Considering the workflow is important as well. I'd contact an experienced digital laboratory and ask them if they are familiar with a variety of scanners and which scans they prefer to work with. You want to be sure that the scanner you select is versatile enough to work with the most common lab software applications. You also need to find out if there are any limitations regarding restorative and implant workflows. None of the scanners currently on the market are totally "open" to all implant companies, but some are very close. If using a scanner does not disrupt your daily workflow, you will find that it actually saves you time and improves your efficiency.

Finally, the value of customer support cannot be overstated. Each company has different support structures, and the work ethic of their regional representatives will vary. If all things are equal in terms of quality, price, and versatility, then I'm always going to choose the company that will provide me with unwavering support when needed. It's frustrating when you make a significant financial investment and your calls for help aren't answered. Ask the hard questions, lay out your expectations, and then make that purchase to get up-to-date. Digital scanning has been an amazing addition to my practice, and it can be for yours as well.

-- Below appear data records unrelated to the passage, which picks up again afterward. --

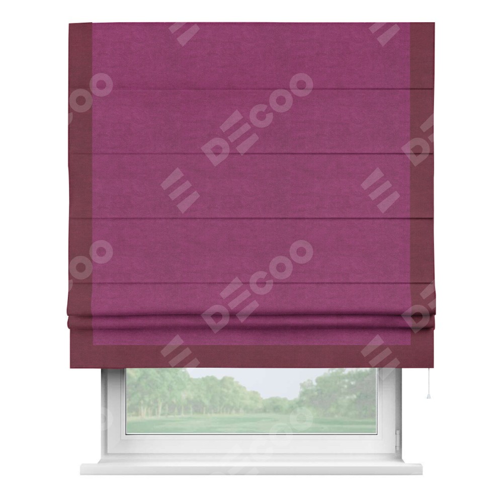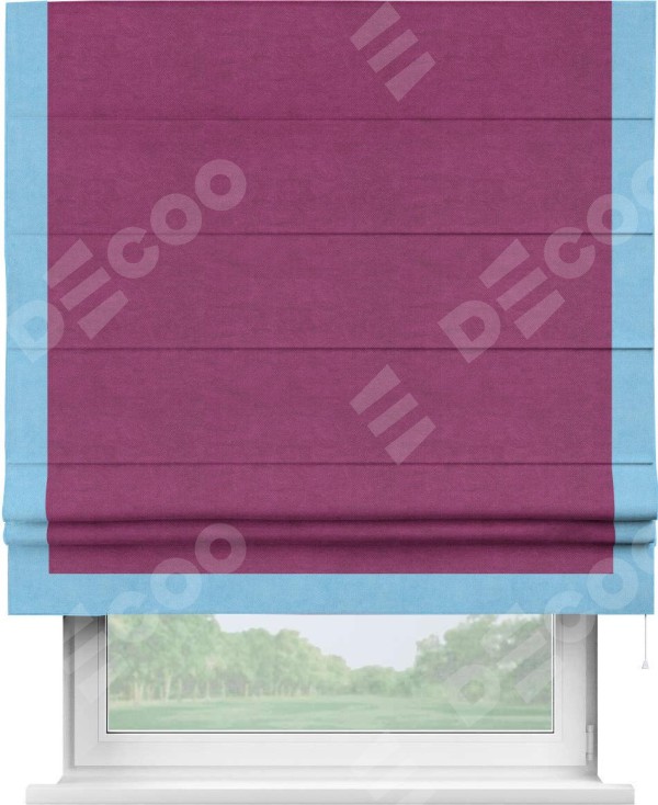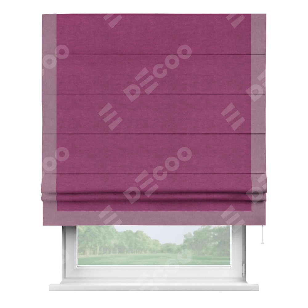 Римская штора производителя «Cortin», используется для проёма, пошита из ткани вельвет фиолетовый, артикул ткани 85552. Отделка шторы кантом «Виктория», ткань для канта используется из вельвета разной расцветки на выбор. Имеет универсальный механизм и подходит для монтажа: на потолок, на стену и в нишу.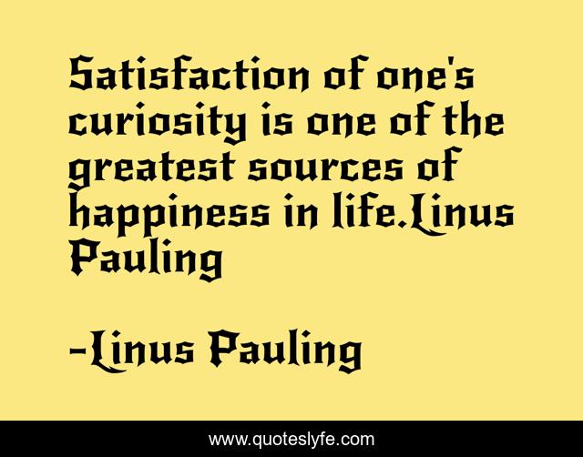 This page presents the quote "Satisfaction of one's curiosity is one of the greatest sources of happiness in life.Linus Pauling". Author of this quote is Linus Pauling. This quote is about linus-pauling, curiosity, the-artist-s-way,.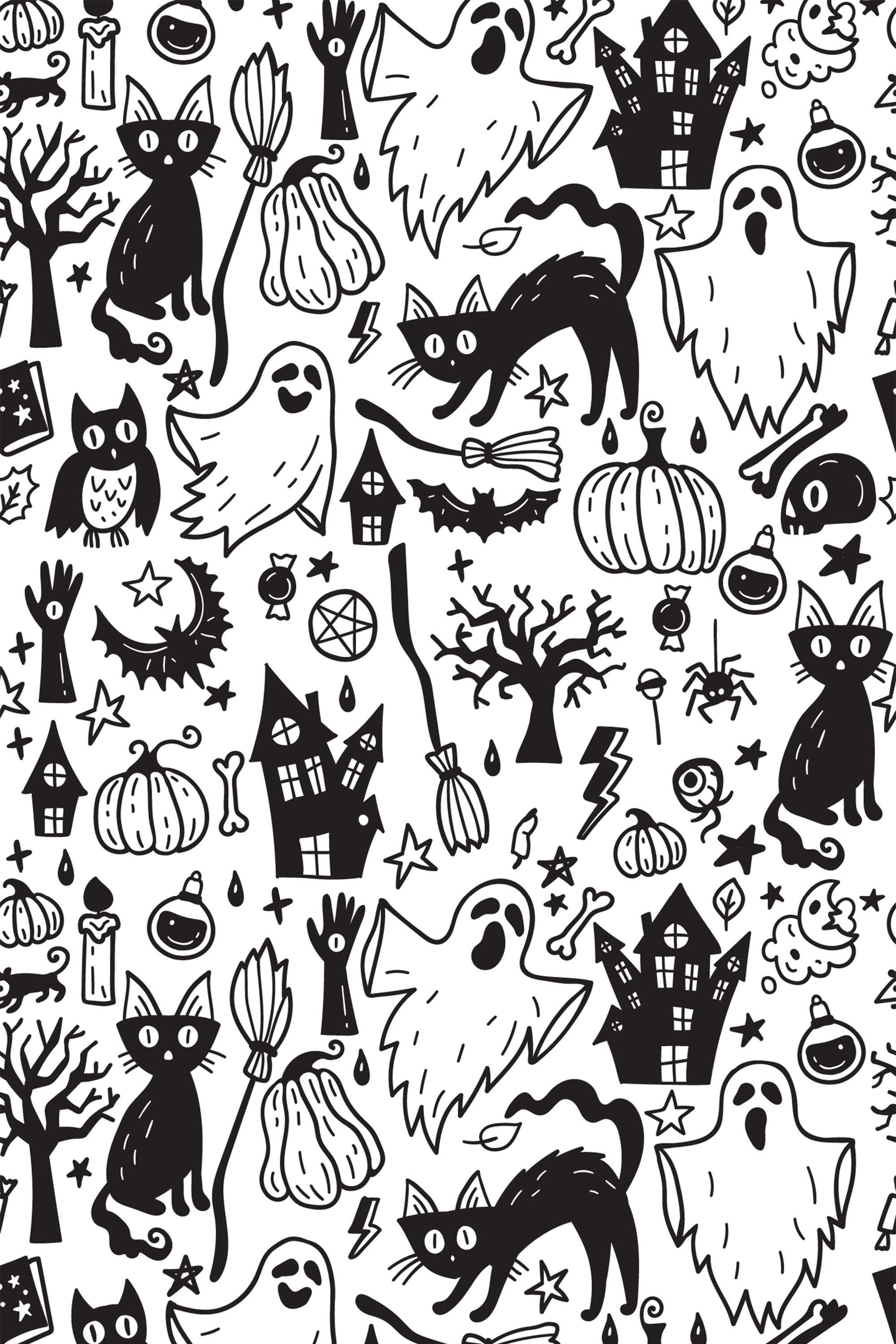 Cute Halloween Doodles wallpaper brings playful novelty to interiors with a black and white palette of cats, pumpkins, ghosts, owls, and brooms. The lively doodle pattern shows the fun side of witchcraft and Halloween. It makes a cheerful choice for accent walls, bedrooms, or creative nooks.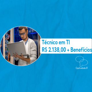 Tecnico de Suporte Família do Sítio Presencial R$ 2.600,00 + Assistência odontológica + Celular corporativo + Convênio farmácia + Crédito consignado + Estacionamento + Eventos internos + Ginástica laboral + Kit de Produtos + Parceria com papelaria + Parceria SESC + Parceria SESI + Parcerias com academias + Parcerias com faculdades + Refeição no local […]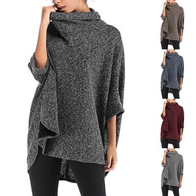 Women's Fashion Temperament Casual Button Turtleneck Irregular Sweater Cape Cape Coat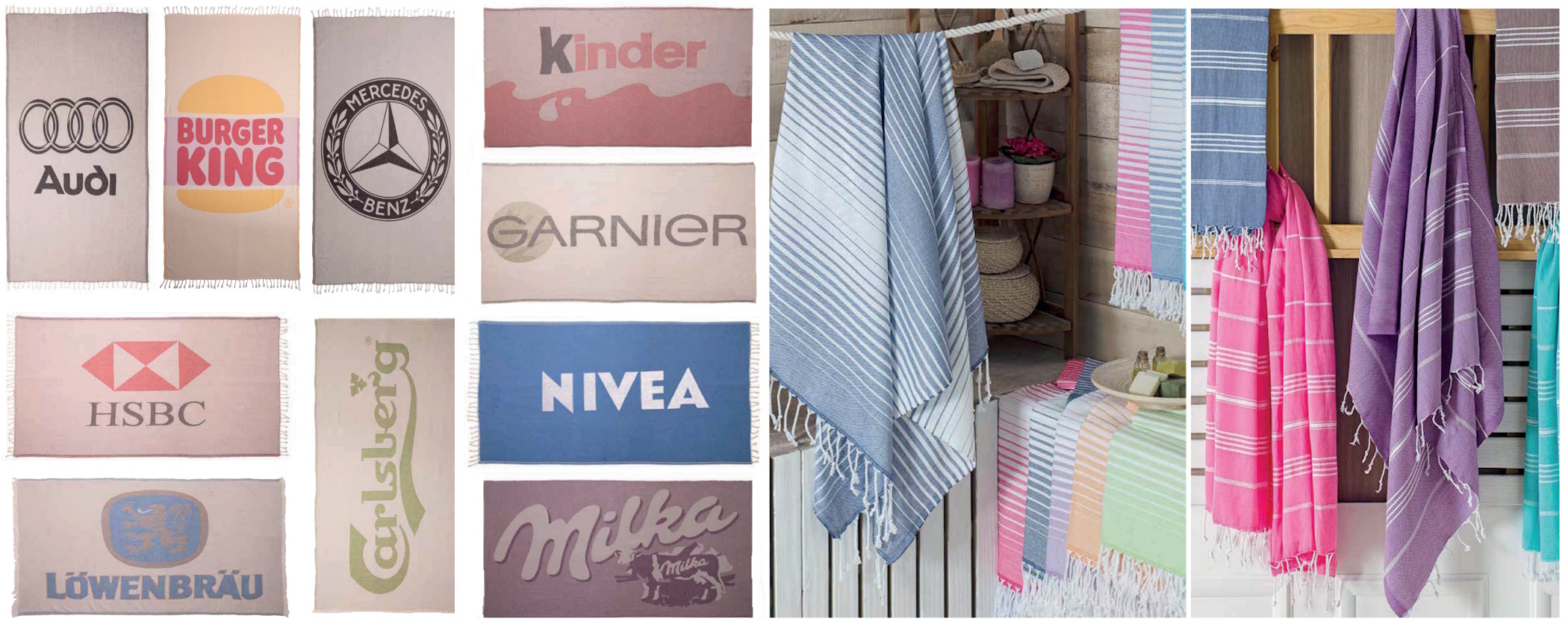 The extremely light and stylish travel and wellness towel (350g/m²) fits in any travel bag, dries particularly quickly and saves valuable resources. The ideal travel companion for the beach, swimming pool, sauna, sports or when traveling. With relief weaving of the logo and subtle striped look on white cloth. LOW MOQ's!

Parag Kachalia, DDS: Intraoral scanners are by no means a new technology. In fact, technology has been available to scan full arches for more than 10 years. In the early days of digital scanning, the choices were minimal, whereas today, the choices can be overwhelming. Unfortunately, there is not necessarily one scanner that is correct for every practice; however, by asking the correct questions, a clinician can find the scanner that is best suited for his or her individual office.

One of the first questions that needs to be asked is "how do you intend to use the scanner?" If the goal is simply to replace traditional impression materials in a crown and bridge workflow for primarily quadrant dentistry, then any scanner produced by a top tier manufacturer will meet your needs. On the other hand, if you find that you would like to capture full-arch impressions, then you may have a smaller cohort of choices. Another question that needs to be asked is "how important is color to you?" If you plan on using your intraoral scanner to present treatment options, a relatively true color output is important to help patients connect with the images they are viewing. You also need to think about any additional services that you would like to offer utilizing the data from your scanner. Do you plan on milling restorations in-office or offering specific brands of clear aligner therapy? If the answer is yes, then you may need to pick a scanner that has specifically opened up these workflows. Once you narrow down your choices to a few scanners that meet your needs, you will want to assess the total cost of ownership over 5 years and also gain a full understanding of the warranties, support systems, and software updates.  The reality is that as technology continues to improve, many clinicians will get an itch to upgrade around the 5-year mark.